Status: Draft | Last Updated: 2026-05-03 | Version: 1.0
Executive Summary
This scenario demonstrates diagnosing and resolving runtime failures in Team-X. Despite robust governance, failures occur: providers disconnect, external runtimes crash, routines stall, and data pipelines clog. This playbook shows how to identify root causes, execute recovery procedures, and implement preventive measures.
Scenario Context: A workspace running 12 employees experiences cascading failures during a heavy workload period. Multiple agentic loops stall, routines stop creating work, and Copilot surfaces critical operational insights.

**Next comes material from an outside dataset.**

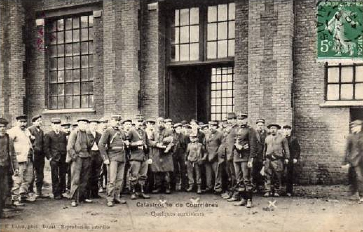 Courrières mine disaster, the tenth march 1906, in the towns of Billy-Montigny, Sallaumines, Méricourt and Noyelles-sous-Lens.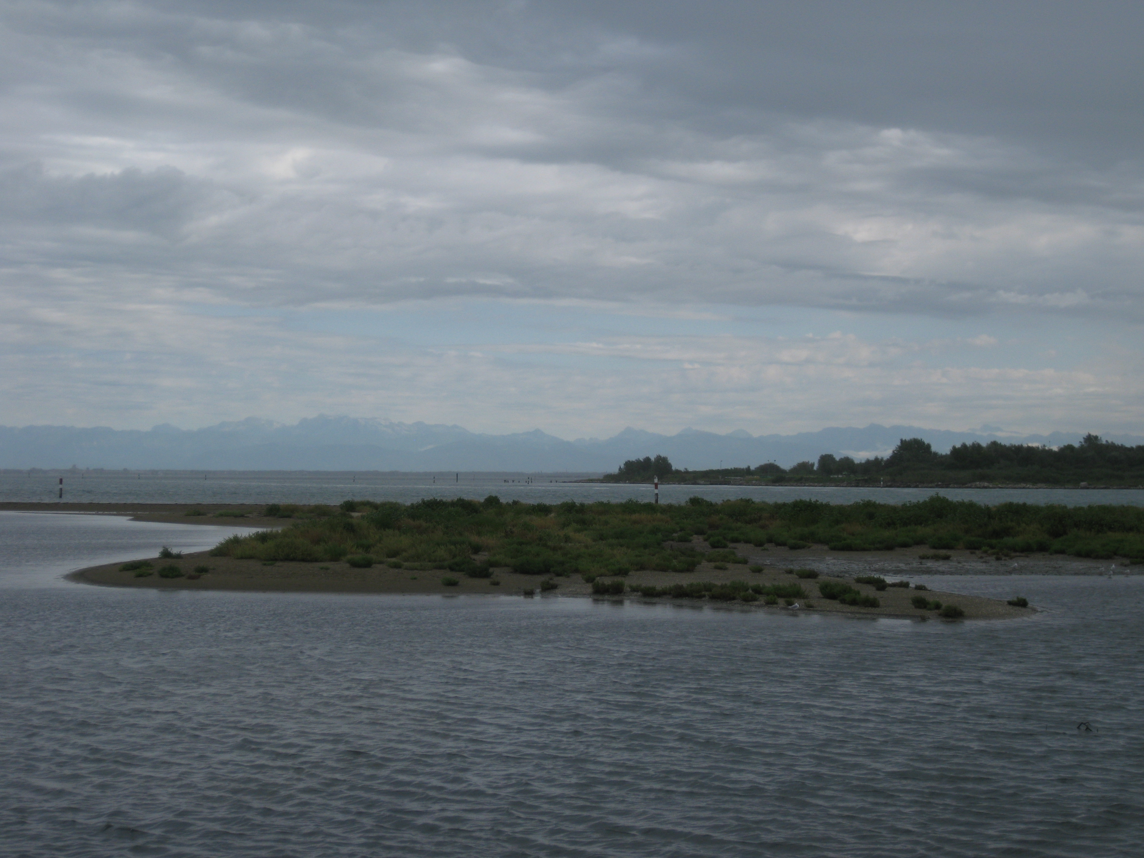 The Dock - Lignano ITALY

Recovery Outcome: Full service restored in 47 minutes, with preventive measures implemented to reduce recurrence risk by 80%.
Learning Objectives:
- Using Copilot and Doctor to detect and classify failures
- Executing recovery procedures for different failure types
- Analyzing root causes to prevent recurrence
- Implementing the Agent Self-Improvement Loop
- Documenting failures for team knowledge
Table of Contents
- Incident Detection
- Incident Classification
- Recovery Execution
- Root Cause Analysis
- Preventive Measures
- Post-Incident Review
- Key Takeaways
- Related Documentation
Incident Detection
The Trigger: Copilot Critical Alert
Copilot surfaces multiple critical insights simultaneously:
🔴 CRITICAL • OPERATIONAL
3 runtime execution failed events in last 10 minutes.
External runtimes disconnected:
- bash-runtime-mike (connection refused)
- bash-runtime-priya (timeout)
Affected employees: Mike, Priya
[View Runtime Status] [Dismiss]
---
🔴 CRITICAL • OPERATIONAL
7 agentic loops in "running" state > 30 minutes.
Possible hang or slow provider response.
Loops affected:
- Ticket #47 (Code review)
- Ticket #52 (Data analysis)
- Ticket #55 (Architecture planning)
[View Stuck Loops] [Dismiss]
---
🔴 CRITICAL • OPERATIONAL
Routine "daily-code-review" failed execution.
Error: budget_exhausted
Routine paused pending resolution.
[View Routine Status] [Dismiss]
Operator recognizes: Cascading failure incident. Multiple systems affected simultaneously.
First Response: Run Doctor
Operator Action: Immediately run Autonomy Doctor for system-wide health check.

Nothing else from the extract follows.